В Российской империи языки покоренных ею народов были обречены на вымирание. Никакой злой воли в этом не было – подобное происходило во всех современных западных государствах.
Великобритания? Современный английский полностью вытеснил тот же кельтский. Франция? Еще в начале 20 века в Бретани говорили на одном из кельтских языков – бретонском. Австрия? В городе Граце говорят на немецком, хотя слово «Грац» – от того же корня, что и русский «город», и значительная часть населения в этих местах были славянами. Германия? Напомню, что прусы были балтийским, а не германским народом, и что прусский язык окончательно вымер только в XVIII столетии.
Это естественный процесс: государство переваривает и подминает под себя языки. Взамен оно дает завоеванным этносам доступ к коллективной культуре – запасу слов, сюжетов, текстов, которые куда как превосходят его собственный запас, и дает им возможность карьеры. Блаженный Августин по происхождению был бербер. Вряд ли его имя осталось бы в истории, если бы он продолжал писать свои тексты на языке Югурты и Масиниссы. Императоры Диоклетиан и Константин были уроженцами балканской провинции Иллирик. Вряд ли бы они оставили след в истории, если бы делали карьеру в этой провинции и продолжали говорить на языках скордисков и трибалли.
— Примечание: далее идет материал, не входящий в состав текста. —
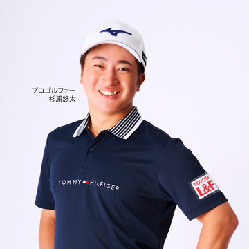 杉浦悠太プロが着こなす、サスティナブルな鹿の子ポロシャツとベーシックパンツのコーディネート。どちらも今季から4Lサイズを追加し、6色とカラー展開も豊富に。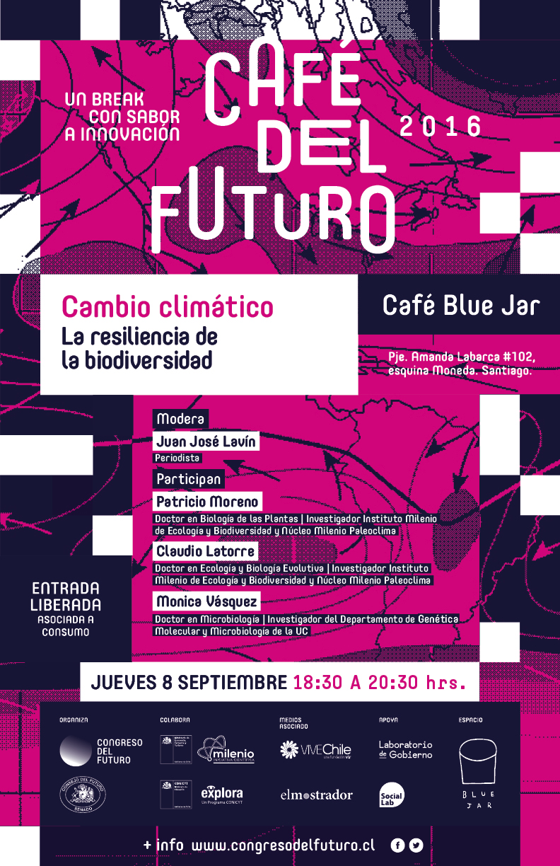 El encuentro lleva por nombre «Cambio climático: resiliencia de la biodiversidad» y se realizará el 8 de septiembre a las 18:30 hrs en el café Blue Jar (Profesora Amanda Labarca 102, Santiago). La entrada es liberada.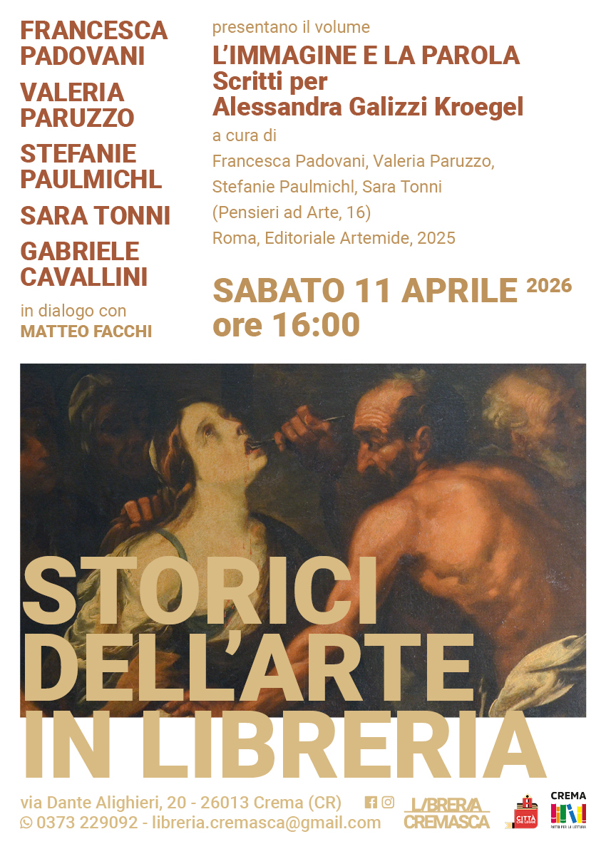 Presentazione a cura di Francesca Padovani, Valeria Paruzzo, Stefanie Paulmichl e Sara Tonni (Pensieri ad Arte, 16; Editoriale Artemide, 2025), con interventi di Francesca Padovani, Valeria Paruzzo, Stefanie Paulmichl, Sara Tonni e Gabriele Cavallini; dialoga Matteo Facchi. Rassegna “Storici dell’arte in libreria”.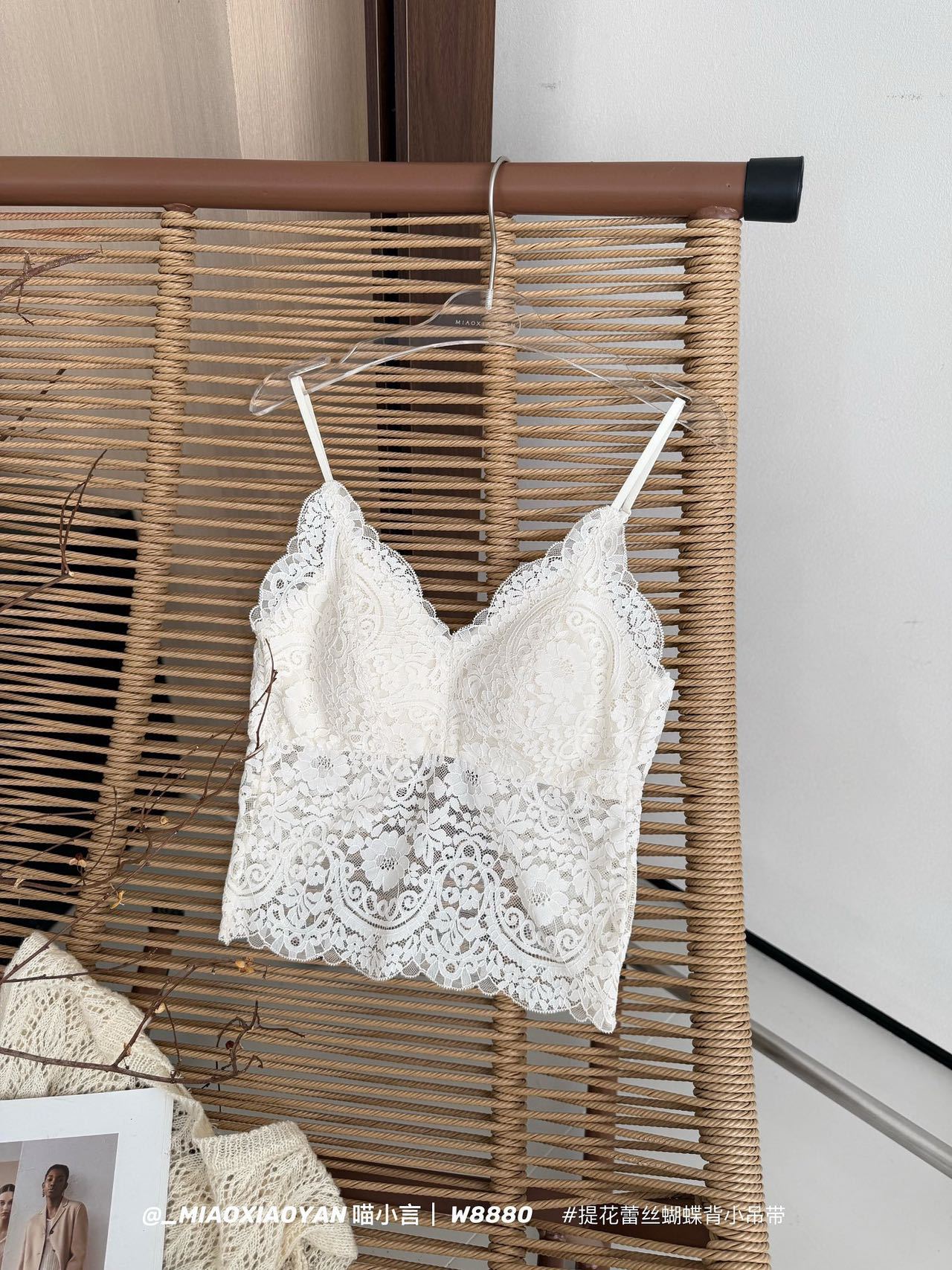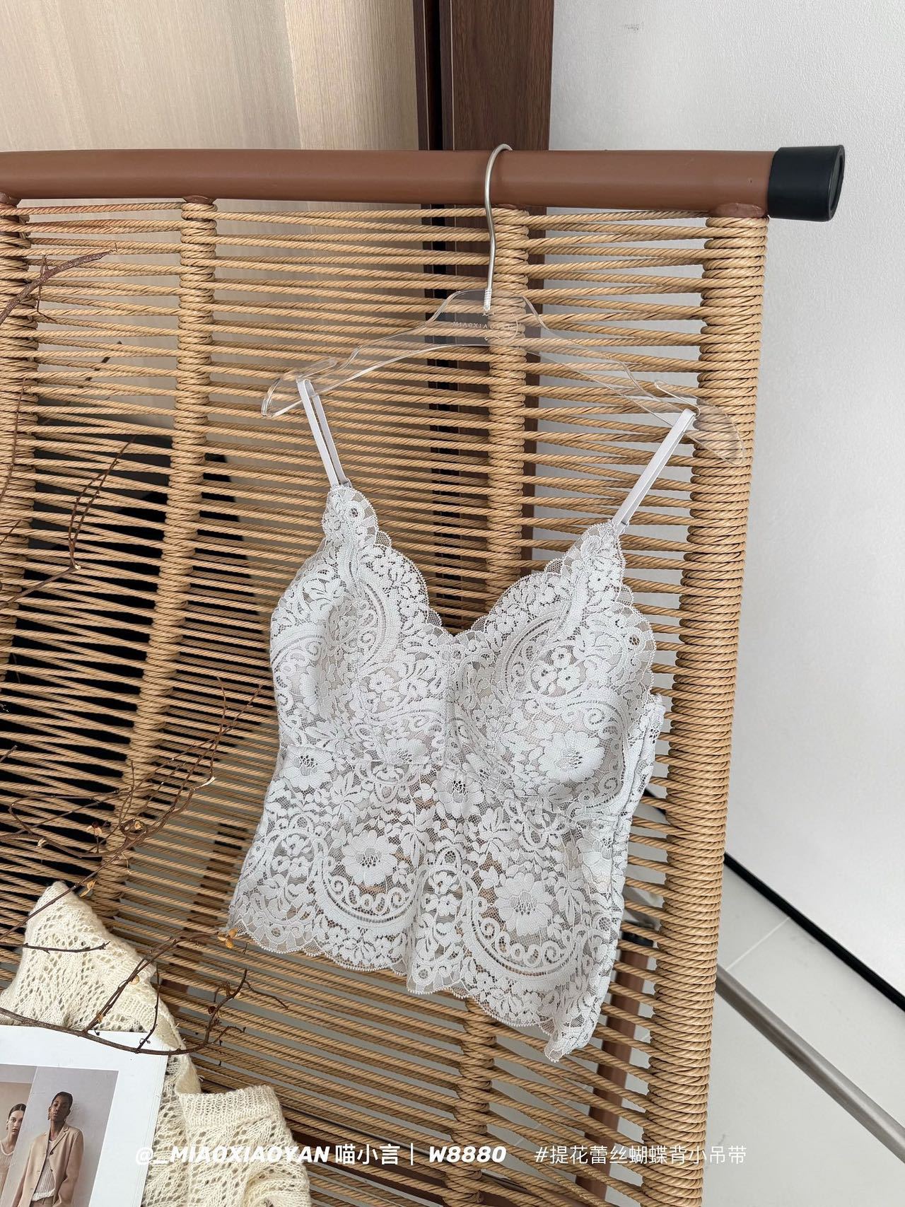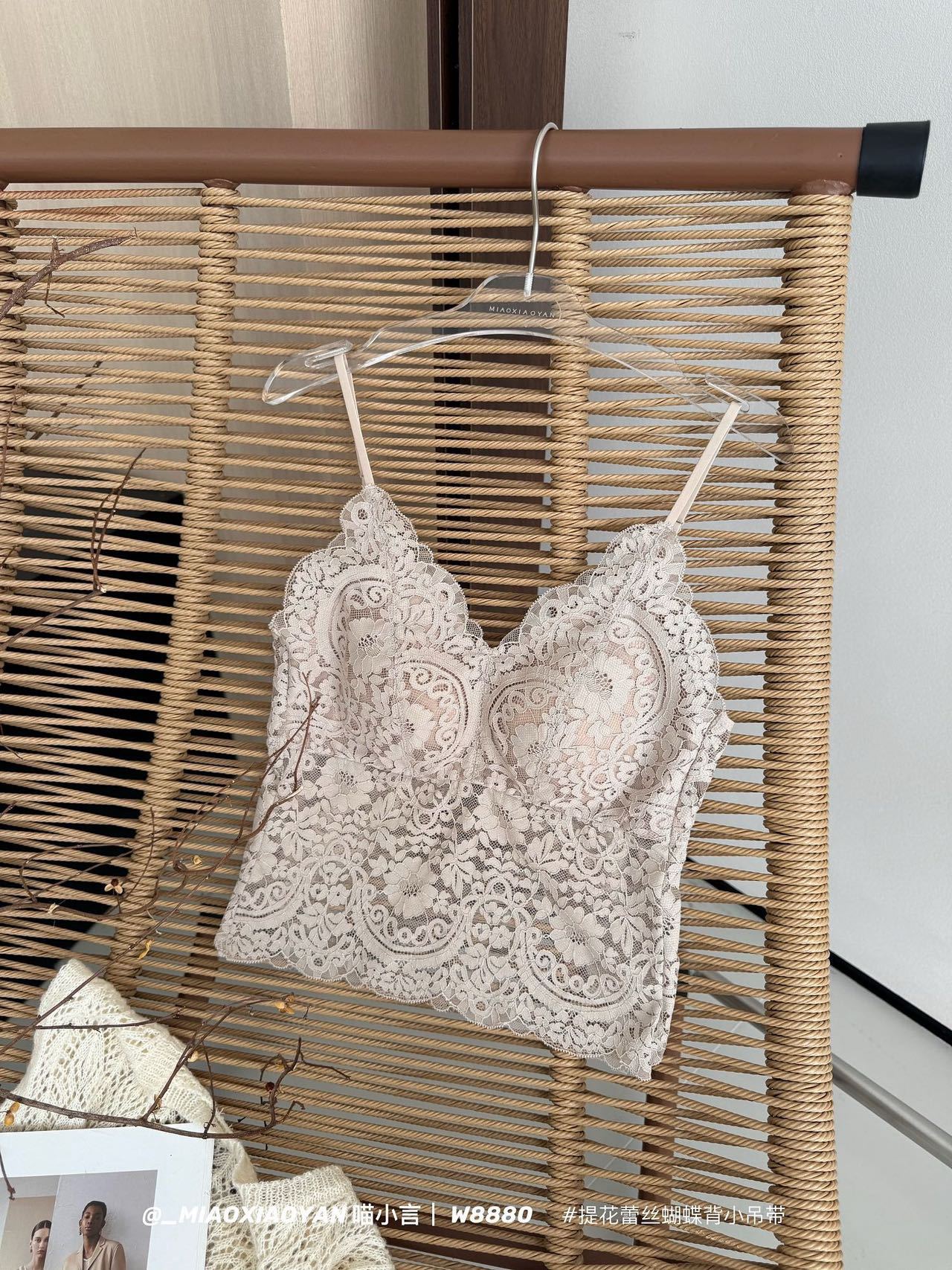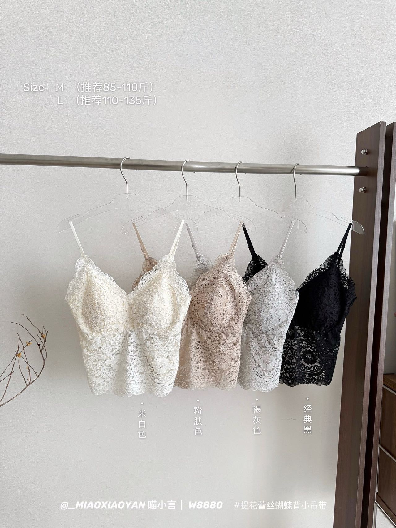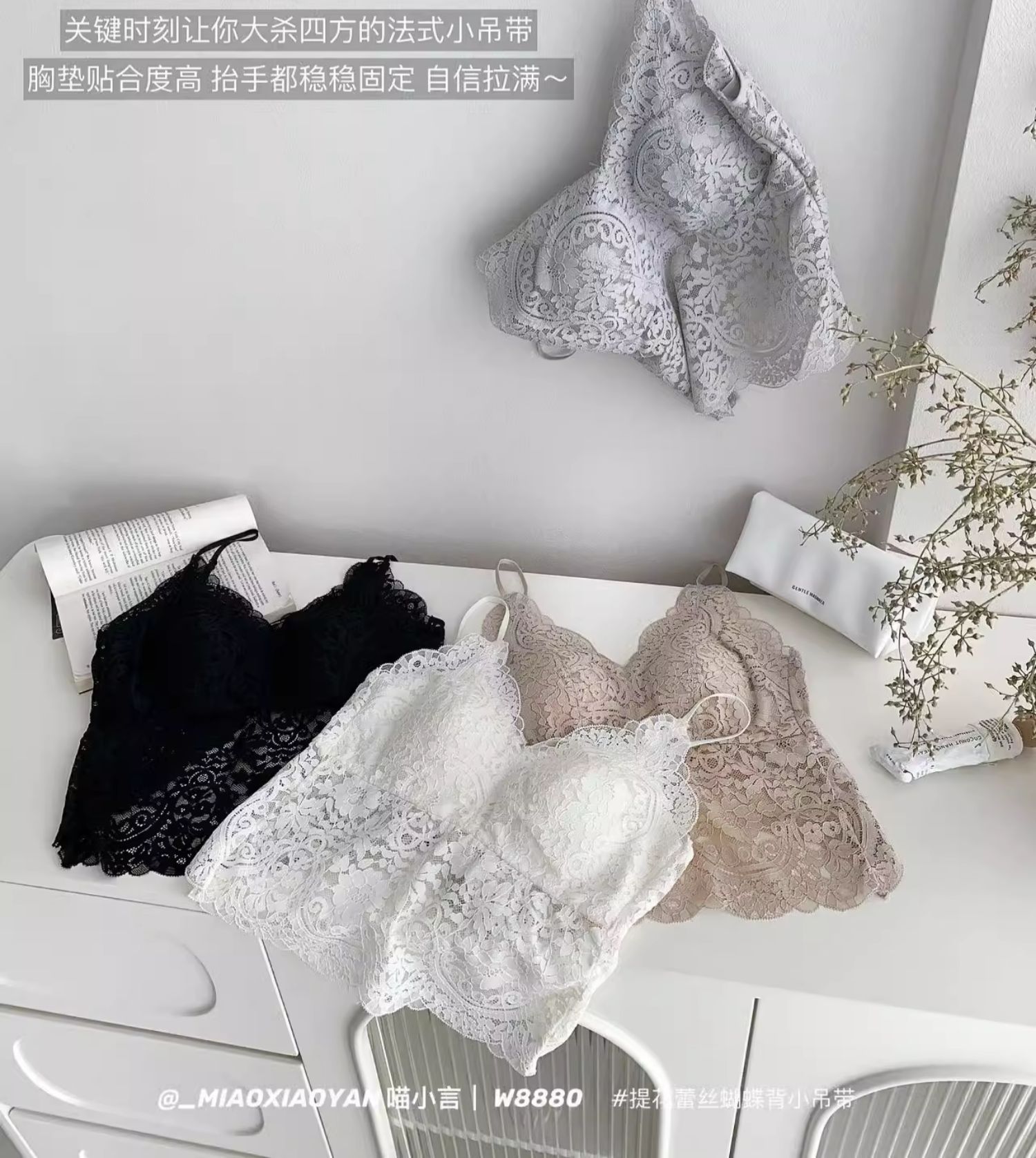 Meow Xiaoyan 자카드 레이스 나비 백 스트랩 W8880 가볍고 통기성이 뛰어난 소녀의 섹시한 순수한 욕망 아름다운 백 조끼

Разнообразие языков характерно для регионов, где нет государства. В Новой Гвинее сосредоточено до половины современных языков мира, и это потому, что там до сих пор живут первобытные племена.
В этом отношении в Российской империи в 18-19 веках происходил совершенно естественный процесс. Империя подминала завоеванные народы, вытесняя их языки и давая взамен доступ элите этих народов к одному из мировых языков – языку великой литературы, языку, на котором говорили ученые мирового уровня и на котором говорили правители государства, вмещавшего 10% населения Земли.
Если бы все это продолжалось, то к настоящему времени русский язык в России, так же как английский в Великобритании или французский во Франции, перемолол бы на большей части государства иные языки. Даже такие древние культуры, как грузинская или армянская, не выдержали бы конкуренции. И даже если бы в конце 20 века империя прекратила бы существовать как единое политическое целое, для языка это было бы не очень важно.
Ее обломки продолжали бы говорить по-русски. Отказаться от русского и воскресить родной язык, на котором, в большинстве случаев, не существовало ни крупного культурного корпуса текстов, не понятийного и научного аппарата, ни достаточного числа образованных носителей языка, – было бы катастрофой. Это как Шотландия: даже если она отделится от Соединенного Королевства, то по-английски там говорить не перестанут.
В этом смысле победа большевиков была для русского языка катастрофой.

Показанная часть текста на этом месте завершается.